:: Data excerpt ::

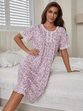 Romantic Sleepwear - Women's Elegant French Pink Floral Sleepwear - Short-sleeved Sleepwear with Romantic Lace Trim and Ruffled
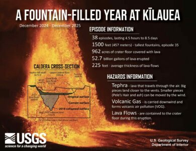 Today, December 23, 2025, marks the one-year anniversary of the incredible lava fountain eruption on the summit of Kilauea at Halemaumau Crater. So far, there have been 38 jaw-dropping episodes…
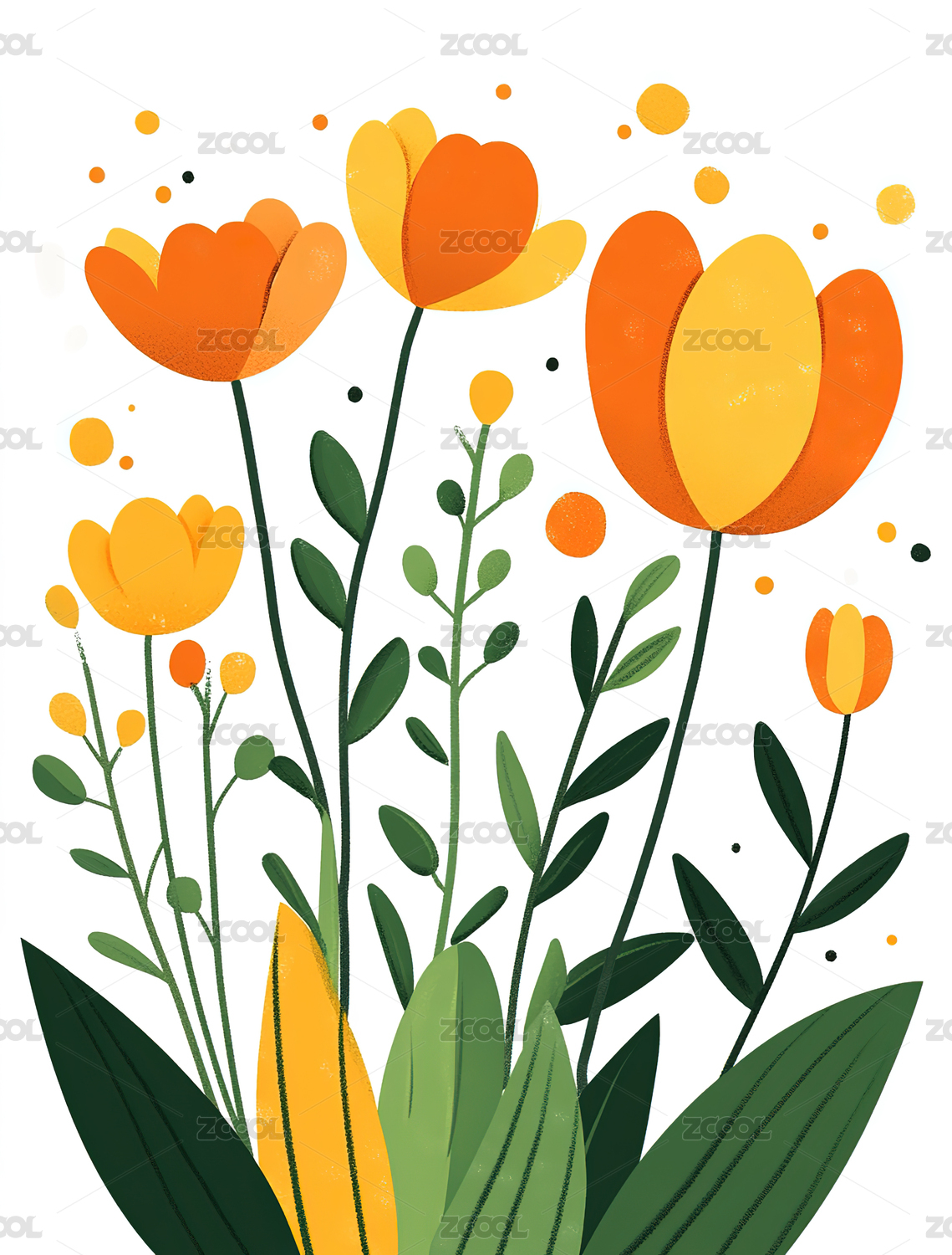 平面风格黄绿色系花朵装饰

:::

**Task to carry out**.
Give back the material above word for word; no picture belongs in it.

**Response for this exercise**.
 Romantic Sleepwear - Women's Elegant French Pink Floral Sleepwear - Short-sleeved Sleepwear with Romantic Lace Trim and Ruffled
 Today, December 23, 2025, marks the one-year anniversary of the incredible lava fountain eruption on the summit of Kilauea at Halemaumau Crater. So far, there have been 38 jaw-dropping episodes…
 平面风格黄绿色系花朵装饰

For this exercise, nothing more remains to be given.